L’extractivisme des minerais dans les zones en conflit 

L’exploitation des ressources minières est souvent liée à des guerres internes, voire internationales. S’il est bien vrai que 40% des conflits armés internes des soixante dernières années peuvent être associés aux ressources naturelles selon des études de l’ONU, il en résulte qu’un État détenteur d’importants gisements a plus de risques d’être le théâtre de conflits qu’un État non pourvu, ce d’autant plus que ces ressources sont de moins en moins disponibles.

Crédit : macrovector.

La ruée vers les ressources naturelles croit de plus en plus au fil des ans, mais elle l’est encore beaucoup plus en ce qui concerne les métaux stratégiques. La volonté des États-Unis de mettre la main sur les terres rares[1] d’Ukraine, ou encore la permanence du conflit en RD Congo qui a, entre autres, des liens très étroits avec les métaux précieux du sous-sol dans l’Est du pays, en sont des illustrations. Les guerres de pillages miniers sont aujourd’hui une immense source d’approvisionnement qui implique des acteur·rices aux niveaux locaux, régionaux et internationaux.  

Ainsi, “l’extractivisme contemporain se caractérise non seulement par sa taille remarquable et sa vitesse, mais aussi par une intensification de la violence et par des « injustices extrêmes en matière d’environnement » à tel point que l’on pourrait parler d’un « Hyper-Extractive Age » ou de l’âge de l’hyper-extractivisme’’, peut-on lire sur le site du Groupe de recherche pour une stratégie économique alternative[2]. Cette pratique qui consiste à extraire les matières premières des sous-sols pour les exporter vers les centres industriels des pays du Nord, est le moteur de l’exploitation des métaux dans les zones en conflit et le véritable catalyseur des conflits internes. L’extractivisme renvoie donc plus largement à l’appropriation et l’exploitation intensive de la nature à des fins d’exportation et de commercialisation[3]. D’autres parlent même d’extractivisme prédateur[4]. À ce sujet, le journaliste Christophe Boltanski, ayant arpenté l’Est de la RD Congo, faisait déjà remarquer que dans le cadre du vieux conflit opposant les gouvernements congolais aux groupes armés, les victoires pour ces derniers ne se comptaient pas en termes de territoires conquis mais de gisements passés sous leur contrôle et de tonnes de métaux extraits[5]
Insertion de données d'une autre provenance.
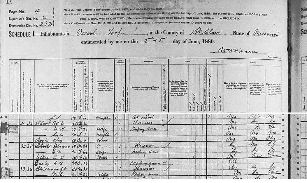 | Page | Enumeration Date | Name of Street. | House Number. | Dwelling homes numbered in order of visitation. | Families numbered in order of visitation | The name of every person whose place of abode on first day of June, 1880 was in this family. | Color - White, Black, Mulatto, Chinese, Indian | Sex - Male, Female | Age at last birthday prior to June 1, 1880. If under 1 yerar, give months in fractions, thus 2/12 | If born within the census year, give the month. | Relationship of each person to the head of this family - whether wife, son, daughter, servant, boarder, or other. | Single. | Married. | Widowed or Divorced | Married during census year. | Profession, Occupation, or Trade of each person, male or female. | Number of months this person has been unemployed during the Census year. | Is the person (on the day of the Enumerator's visit) sick or temporarily disabled, so as to be unable to attend to ordinary business or duties? If so, what is the sickness or disability? | Blind. | Deaf and Dumb. | Idiotic. | Insane. | Maimed, Crippled, Bedridden or otherwise disabled. | Attended school within the census year. | Cannot read. | Cannot write. | Place of birth of this person, naming State or Territoryof the United States, or the Country if of foreigh birth. | Place of birth of the FATHER of this person, naming State or Territoryof the United States, or the Country if of foreigh birth. | Place of birth of the MOTHER of this person, naming State or Territoryof the United States, or the Country if of foreigh birth. |

Les métaux au service de l’économie de guerre

Il existe dans les zones en conflit riches en métaux, une « économie de guerre et de prédation » dans laquelle violence, profit et destruction de l’environnement se trouvent inextricablement liés. De fait, les groupes armés peuvent établir des systèmes de taxes et de captation de rentes sur les exploitations des métaux, qu’elles soient artisanales ou détenues par des grandes entreprises. Ces dernières, dans le contexte des conflits de la Région des Grands Lacs,

Il existe dans les zones en conflit riches en métaux, une « économie de guerre et de prédation » dans laquelle violence, profit et destruction de l’environnement se trouvent inextricablement liés.

rémunèrent également des groupes armés pour assurer la protection de leurs activités, ce qui contribue à entretenir le conflit. D’ailleurs, précisons que le dernier rapport du Groupe d’expert·es des Nations Unies sur la République démocratique du Congo de décembre 2024, alerte sur le contrôle, la production, le commerce, le transport et l’exportation des minéraux de Rubaya par la coalition AFC-M23[6]. Ces groupes armés prélèvent par exemple 7 dollars par kilogramme de coltan[7], ainsi que d’autres taxes et paiements en nature sur la vente et le transport des minéraux. Selon ce même rapport, l’impôt sur la production et le commerce du coltan à lui seul, à Rubaya, a généré au moins 800 000 dollars par mois pour la coalition AFC-M23 de la mi-mai à la fin octobre 2024[8].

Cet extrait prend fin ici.